Are indiscriminate sanctions ever morally justified?
Collective punishment is widely regarded as violating the ethics of war and the Geneva Convention. And yet, governments frequently use indiscriminate economic sanctions to bring about changes in their opponent's behaviour. Taking this discrepancy as a point of departure, it's worth reflecting on the ethics of American sanctions on Iran and alternatives available under the Magnitsky Act.
Iran and the US have been in a contentious wrangle since the founding of the Islamic Republic in 1979. During the 1979-1981 hostage crisis, the US government suspended all diplomatic ties with Iran and since 1995 imposed an embargo on all trade with the country, ostensibly to curtail Iran's nuclear programme and to stop Iranian support for organisations it considers problematic.
Broad, crippling restraints on trade were also imposed under the Iran and Libya Sanctions Act of 1996 and its successor the 2006 Iran Sanctions Act, which primarily target the Iranian petroleum industry - one of Iran's principal export industries. While the precise contours of US trade prohibitions have fluctuated in line with leadership changes in both countries, the principle of collective punishment permeates each of these measures.
"The US government is inflicting punishment upon individuals whose sole connection to the Iranian government is their country of residence"
Can such indiscriminate sanctions ever be justified from a moral perspective?
The US government is correct in claiming that sanctions weaken the Iranian state and force it into a corner. Yet, it is undeniable that indiscriminate sanctions severely harm the lives and well-being of ordinary Iranian civilians.

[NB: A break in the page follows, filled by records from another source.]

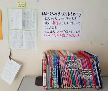 学習の後半では、他のはたらく犬についての本を読んで、調べてまとめる学習を行います。大阪市立図書館から団体貸出で借りた図書を廊下に並べて、いつでも読めるようにしています。
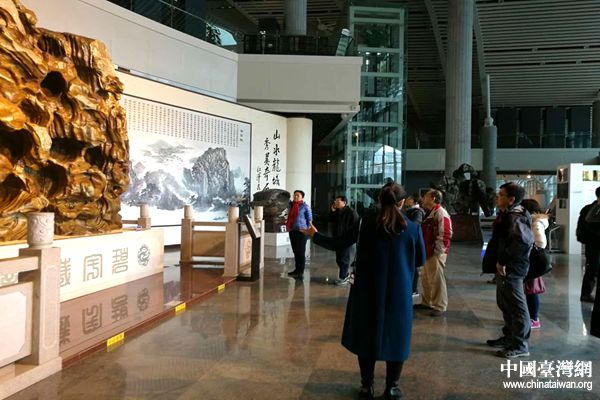 参加首届“两岸南南合作与发展论坛”的两岸专家学者参观柳州奇石馆。(中国台湾网 李杰 摄)
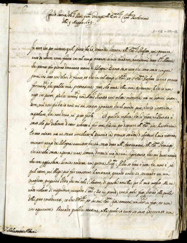 Lettera di Don Francesco Gonzaga al cardinale Barberini Francesco senior (1643 maggio 9)
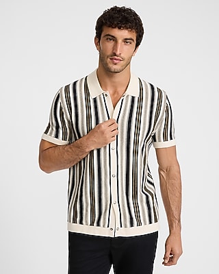 Perfect for layering in transitional weather, our trendy cotton short sleeve sweater polo is complete with vintage inspired vertical stipes, a classic point collar and a full button front.
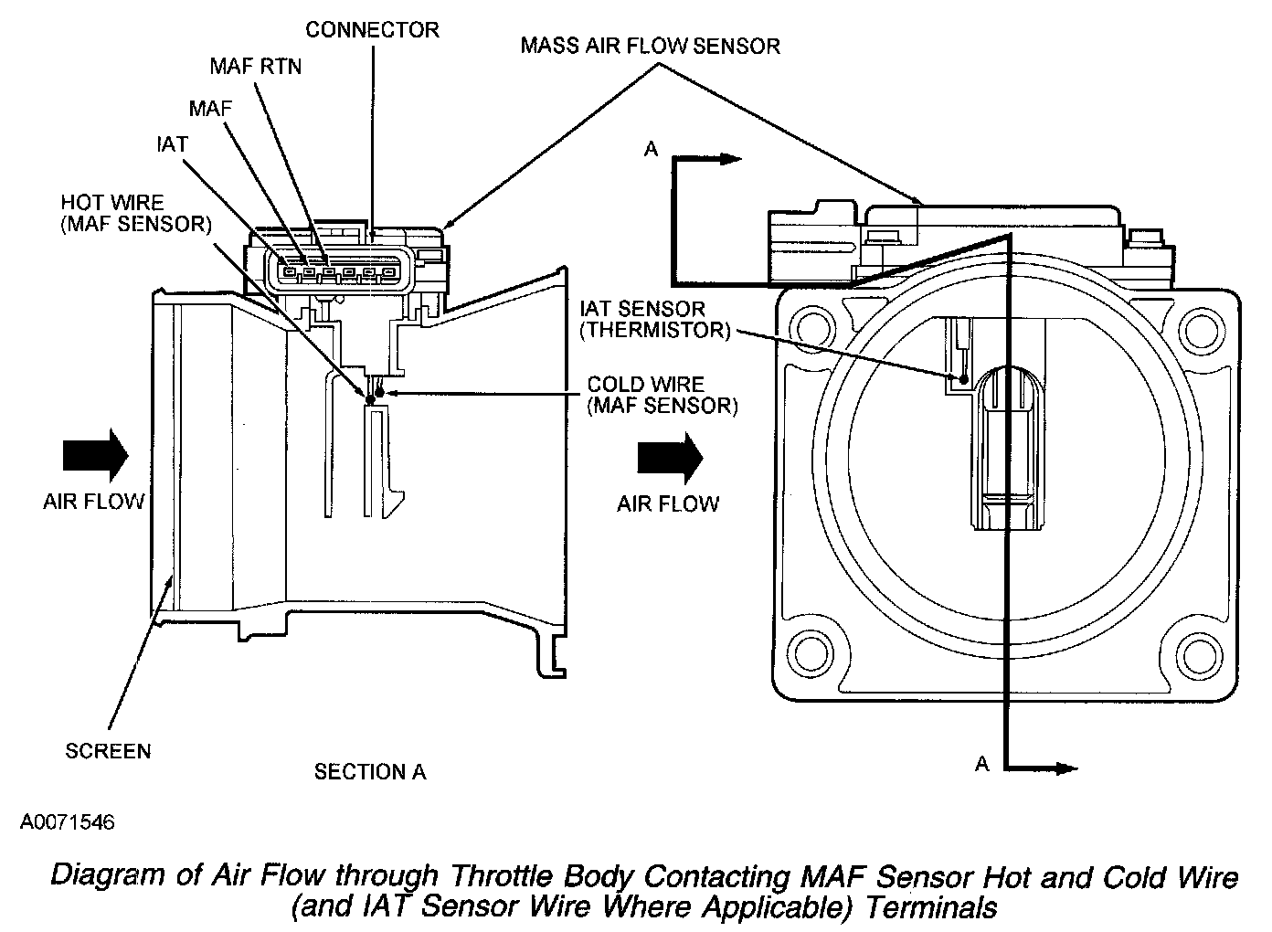 Diagram Of Air Flow Through Throttle Body Contacting MAF Sensor Hot And Cold Wire (and IAT Sensor Wire Where Applicable) Terminals:

To name but one example, Iranian society suffers from medicines shortages, which have only become more acute during the onset of the global coronavirus pandemic.
In effect, the US government is inflicting punishment upon individuals whose sole connection to the Iranian government is their country of residence. As such, a moral justification of indiscriminate sanctions is difficult to envisage without resorting to the sort of logic of collective punishment also espoused by violent extremists and authoritarian dictators.
By treating civilians as non-innocents or collateral damage, those imposing indiscriminate sanctions risk adopting a dangerous set of beliefs that, in the case of the United States, comes uncomfortably close to those espoused by many of their arch-enemies.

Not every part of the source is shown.